Rectal neuroendocrine tumors (NET), which are thought to originate from the diffuse neuroendocrine system, are a fusion of neurologic and endocrine features (1). Most of rectal-NETs are asymptomatic, a possibly cause for the increase of incidence rate may be a consequence of more elaborate and numerous screening colonoscopies with widespread use of endoscopy for detecting colorectal cancers (2). Despite diagnostic modalities, the diagnosis of rectal NETs is not straightforward; it may present with symptoms such as bleeding or changes in bowel habits, or without any at all (3). Several techniques are available for resecting rectal NETs, including the endoscopic, trans-anal and surgical therapies (4). Endoscopically resecting consists of endoscopic mucosal resection, endoscopic submucosal dissection (ESD), and endoscopic full-thickness resection (5). But the lack of apparent signs of illness and the patient’s non-specific presentations often result in delayed diagnosis, until in their advanced disease stages (6). Furthermore, the macroscopic appearance of rectal NETs resembles that of hyperplastic or adenomatous polyps, making the differential diagnosis from other polypoid lesions challenging (7). Thus, rectal NETs pose a significant challenge to most physicians. Herein, we present three cases of rectal NETs. Our objective was to further emphasize the diagnostic value of endoscopy and digital rectal examination for detecting rectal NETs as well as to enhance patient cognition of this disease, thereby providing insights and high reference values for both imaging radiologists and clinicians.

Case report

The first case

A 46-year-old male presented with lumps and pain in the perianal and -rectal regions. The lump ruptured with spontaneous drainage for 1 year. Physical and laboratory examinations showed no obvious abnormality. An indentation, located 1 cm above the dentate line at the 12 o’clock direction in the bladder lithotomy position, was associated with slight tenderness as well as with a soft, subcutaneous induration extending to the rectum. Before the surgery, a colonoscopy was done, showing a 5mm×5mm longitudinal, protruding mass in the lower posterior rectal wall. Colonoscopic examination had also shown the lesion region, shape, and scope. Thus, surgeons have chosen proper operative schemes, wherein endoscopic resection was an effective treatment for mass resection without impairing the functional anatomy and biochemical of the anorectal physiological condition. After obtaining patient consent, ESD was performed, wherein the tumor was excised en bloc using a disposable, high-frequency knife. To date, doctors remain unaware of any adverse events associated with this dissection. Histologic hematoxylin and eosin (HE) staining confirmed a rectal NET, having a tumor stage of G1 (WHO 2019), revealing atypical epithelial cells. Immunohistochemistry (IHC) also demonstrated the diagnosis of a rectal NET, as the pathologic tissue section was positive for Synaptophysin(Syn), negative for chromogranin A(CgA), and with approximately 2% Ki-67 expression (Figure 1). Long-term follow-up over 5 years showed no recurrence, with an excellent outcome.

Figure 1

Figure 1. Imaging and histopathology of the biopsy specimen of the first case. (A): Colonoscopy showing a mass approximately 0.5×0.5 cm in size. (B, C): Histopathology of the mass (magnification, ×40 and ×200, scale bar of 100 μm). (D–G): IHC of the mass, scale bar of 100 μm). (D) Cancer cells positive for Syn (Syn; ×200). (E) Cancer cells negative for CgA (CgA; ×200). (F) Cancer cells positive for Ki-67 (Ki-67, ×200). (G) Cancer cells positive for CD56(CD56; ×200).

The second case

A 29-year-old female initially presented with occasional, reducible prolapses during defecation with a 3 year-long progression, later progressing to recurrent, irreducible prolapse. The patient was diagnosed with mixed hemorrhoids. The patient had no family history of colorectal cancer, a past medical history of hashimoto thyroiditis for 15 years, and a medication history of thyroxine intake.

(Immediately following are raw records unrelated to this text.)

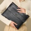 Woodstock Leather – 14″ Genuine Leather Nova Laptop Sleeve For Macbook – Black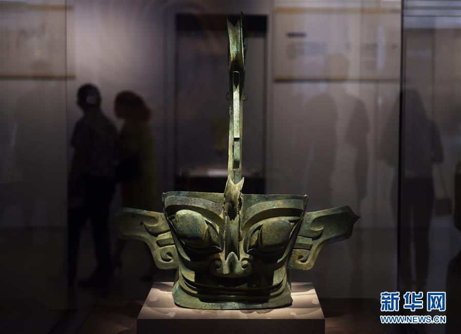 9月20日,出土于三星堆遗址的商代青铜纵目大面具在长沙博物馆展出。当日,“神秘的古蜀王国——三星堆和金沙遗址出土文物精华展”在长沙博物馆正式向公众免费开放,展览展出的137件文物出土于三星堆遗址和成都金沙遗址,集结了四川广汉三星堆博物馆、成都金沙遗址博物馆两馆的文物精华,包括青铜纵目大面具、戴金面罩青铜人头像、铜太阳形器在内的一批重要文物再现了辉煌璀璨的古蜀文化。据悉,本次展览将持续到12月20日。新华社记者 李尕 摄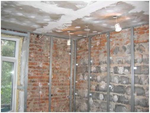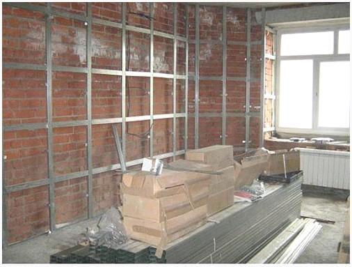 Затевать монтаж рекомендуется с потолочного профиля. Метод крепления зависит от материала, из которого изготовлены стенки. Если они из бетона либо кирпича, то потребуется перфоратор и установка дюбелей. На любой трехметровый профиль должно приходиться минимум 4 точки крепления. Стык в стык к нему крепится второй профиль, длину которого нужно подогнать под размеры стенки. Они должны быть выровнены при помощи уровня.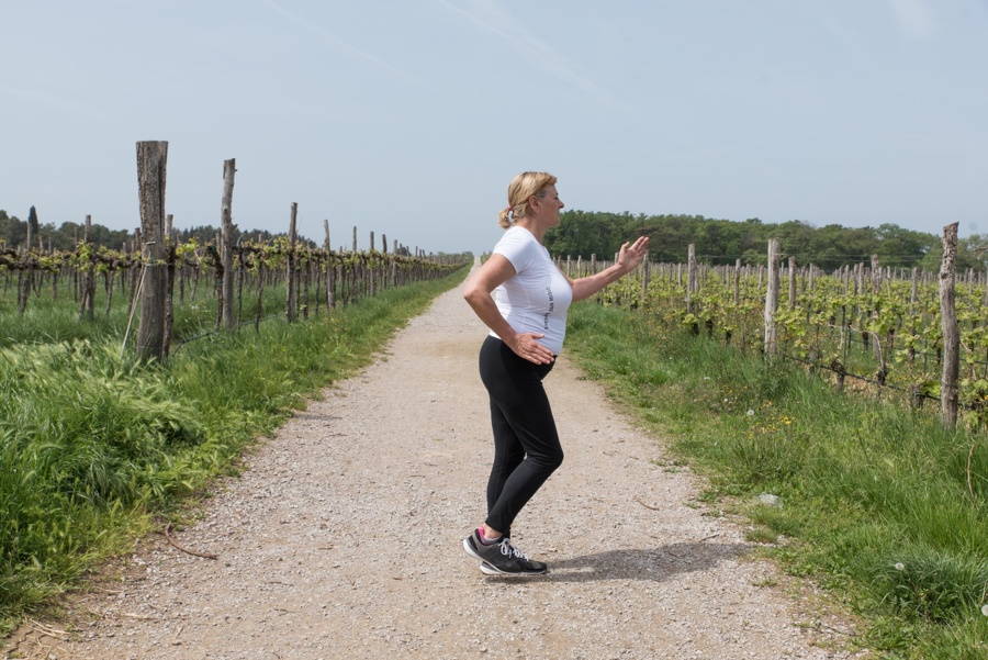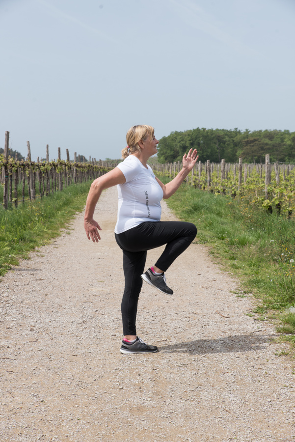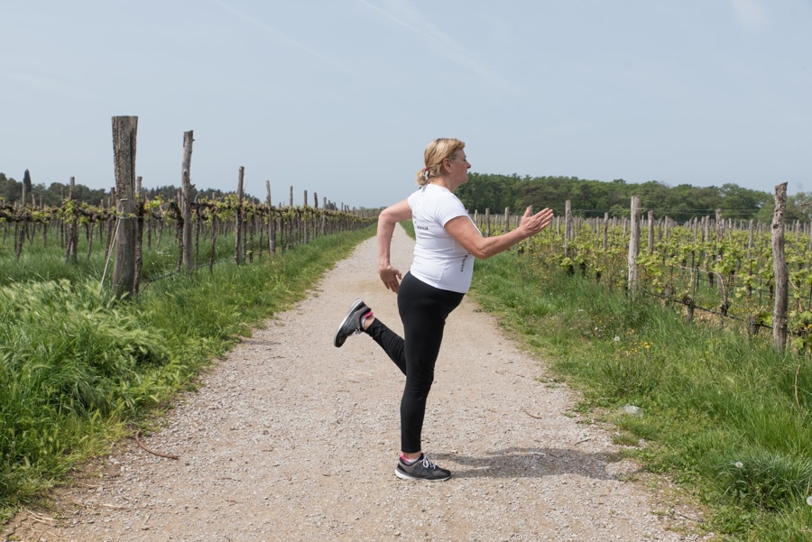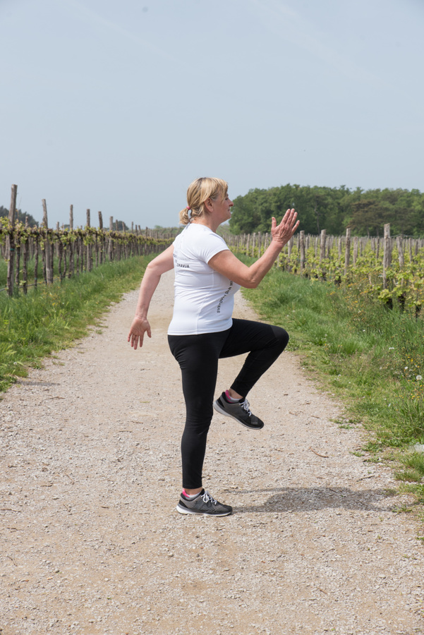 Stoje izmenično dvigujemo kolena do pravega kota. Vajo izvajamo v dveh ali treh serijah po 30 sekund.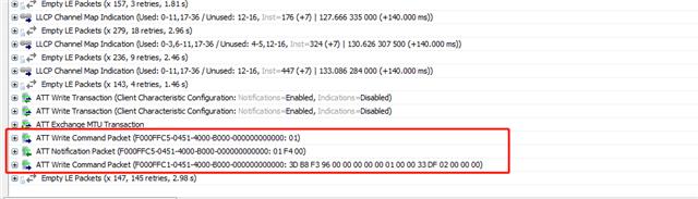 看空口数据,第二次连接升级时,APP发送 (F000FFC1-0451-4000-B000-000000000000: 3D B8 F3 96 00 00 00 00 00 01 00 00 33 DF 02 00 00 00)数据之后就没有下一步了。
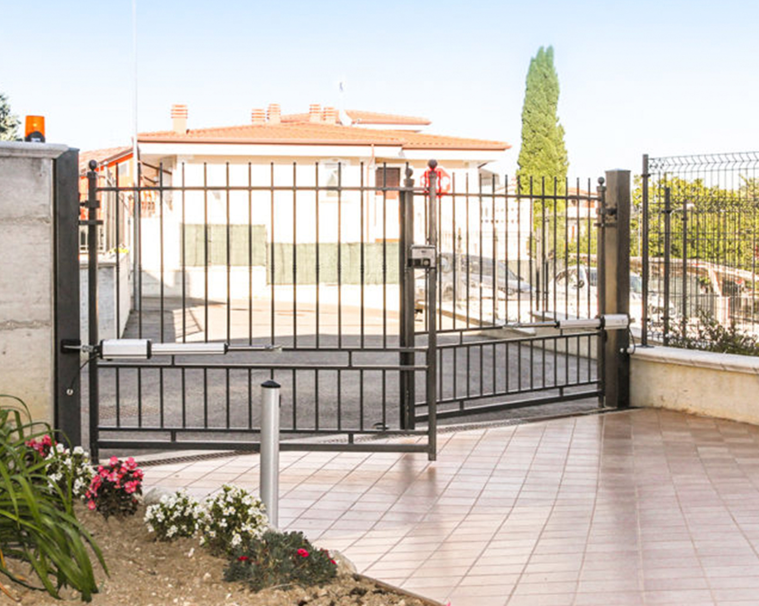 Swing gates are most commonly used in residential applications because of their low cost and ease of installation. Because swing gates travel over a large arc, space must be available to allow vehicles approaching the gate to remain clear while the gate opens or closes. The swinging arc of the gate also requires additional safety consideations to prevent people or vehicles from being hit or trapped by the moving gate.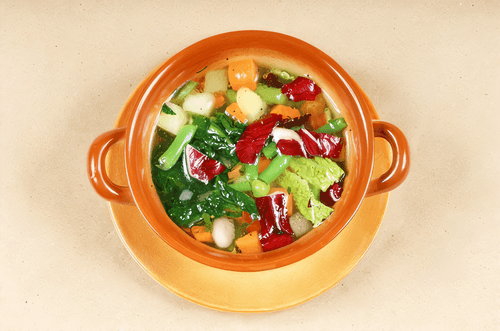 Pork knuckle soup with cabbage and white beans

Laboratory tests, including routine blood work, liver and kidney function tests, coagulation function, and electrocardiography, were all unremarkable. Serum tumor marker findings, such as carcinoembryonic antigen(CEA), squamous cell carcinoma, carbohydrate antigen 72-4(CA72-4),19-9(CA19-9), 50(CA50), 242(CA242), 211, alpha-fetoprotein(AFP), and neuron-specific enolase(NSE) were all negative. Pre-operative colonoscopy findings were also unremarkable. Physical examination revealed mixed stage III hemorrhoids and rectal polyps. The patient underwent mixed hemorrhoidectomy and rectal polypectomy. Engorged hemorrhoidal cushions were observed at the 12-, 6-, and 7-to 8 o’clock positions in the bladder lithotomy position. During hemorrhoidectomy, a gray, 5 mm×5 mm×3 mm, hyperplastic lesion located at the dentate line at the 6 o’clock position. The surgeon then incised the rectal mucous membrane and carefully separated the lesion from the rectal muscle stratum. Finally, the intact hyperplastic lesion was completely resected using a high-frequency electrotome. A shuttle-like incision was designed to be incorporated to avoid creating narrow skin bridges and to protect the rectal muscle, in order to maintain the integrity of the rectal mucosa. Then, the muscular layer of the rectum was closed by the surgeons via a horizontal mattress suture.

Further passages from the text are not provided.